The Fine Guidance Sensors (FGS) on the Hubble Space Telescope (HST) are two-axis shearing interferometers. One of them, FGS3 (and since 1999, FGS1r), is used for relative astrometry within a specific area. The astrometric calibration provides an accuracy of approximately 1 milliarcsecond (mas) per observation for stars in the magnitude range V = 3 to 17. The HST parallax program involves stars like Cepheids and RR Lyrae for calibrating period–luminosity relations, Hyades and Pleiades stars, and some fainter stars. The typical parallax accuracy achieved is in the range of 0.1–0.2 mas.
Image credit : Hubblesite
Image credit : Hubblesite
Due to the small field of the FGS and measurements being relative to reference stars with similar parallax factors, the obtained parallaxes are relative. A correction, typically 0.8–1.5 mas with an uncertainty of at least 10%, is added to account for the mean parallax of the reference stars.
However, relative parallax is more sensible than absolute parallax in expressing the stereoscopic effect.
2.2.2 Absolute parallaxes: Hipparcos and Gaia
Absolute parallax refers to the measurement of the apparent shift or change in position of a celestial object with respect to an observer on Earth, using a reference frame fixed in space. It provides the actual, intrinsic distance to the celestial object rather than a relative distance compared to another nearby object.
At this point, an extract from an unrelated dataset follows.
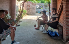圖為小隊成員與果園內(nèi)工作的果農(nóng)進行交談。

The Hipparcos satellite, launched in 1989, revolutionised absolute parallax determination with a unique technique involving large-angle optical measurements. It projected two widely separated fields in the same focal plane, enabling angular measurements between stars with different parallax factors (Fθ). By combining these measurements over time and varied geometric configurations, Hipparcos solved absolute parallaxes for all stars without prior assumptions. Despite controversy over the Hipparcos parallax zero point, particularly highlighted by Pleiades cluster data, global-scale tests, including ground-based parallaxes, HST/FGS results, orbital parallaxes for binaries, and distances from asteroseismology coupled with the infrared flux method, support the correctness of the zero point. The Pleiades cluster discrepancy remains a topic of ongoing discussion.
(Hertzsprung-Russell (M_Hp, V-I) diagram for the 41453 single stars from the Hipparcos Catalogue) ; Image credit: ESA
The Hipparcos Catalogue, published by ESA in 1997, provides parallaxes for approximately 118,000 stars, encompassing those brighter than a predefined limit (V ≃ 8 mag) and a selection of fainter stars. The typical standard errors for these parallaxes range from 0.8 to 2 milliarcseconds (mas).
ESA's Gaia satellite builds on the principles of Hipparcos but incorporates more efficient detectors (CCDs) and larger telescopes. Gaia is a groundbreaking mission aimed at constructing an exceptionally precise three-dimensional map of over a billion stars within the Milky Way galaxy and beyond.
Gaia's parallaxes are absolute, relying on a wide-angle measurement principle.To ensure accuracy, Gaia faces stringent demands on instrument stability, particularly the basic angle between its two viewing directions. Passive stabilisation guarantees a global parallax zero point error of less than 3.5 microarcseconds (µas). Additionally, the interferometric Basic Angle Monitor further reduces variations, minimising the zero point error to below 0.1 µas. This level of precision makes Gaia's parallaxes statistically meaningful even at extragalactic distances.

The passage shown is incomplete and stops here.